RECORDS PROVIDED
★ ★ ★

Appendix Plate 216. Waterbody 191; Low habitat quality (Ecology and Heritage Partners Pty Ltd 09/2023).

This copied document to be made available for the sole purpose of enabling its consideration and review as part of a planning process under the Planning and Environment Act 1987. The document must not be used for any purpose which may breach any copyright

★ ★ ★

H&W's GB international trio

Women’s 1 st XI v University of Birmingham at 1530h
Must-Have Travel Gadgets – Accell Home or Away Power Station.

★ ★ ★

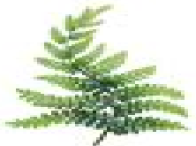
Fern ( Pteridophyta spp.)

★ ★ ★

EXERCISE
Given the records above, restate word for word only the lines starting at the one with "H&W's GB international trio" and ending at the one with "Must-Have Travel Gadgets".

REPLY
H&W's GB international trio

Women’s 1 st XI v University of Birmingham at 1530h
Must-Have Travel Gadgets – Accell Home or Away Power Station.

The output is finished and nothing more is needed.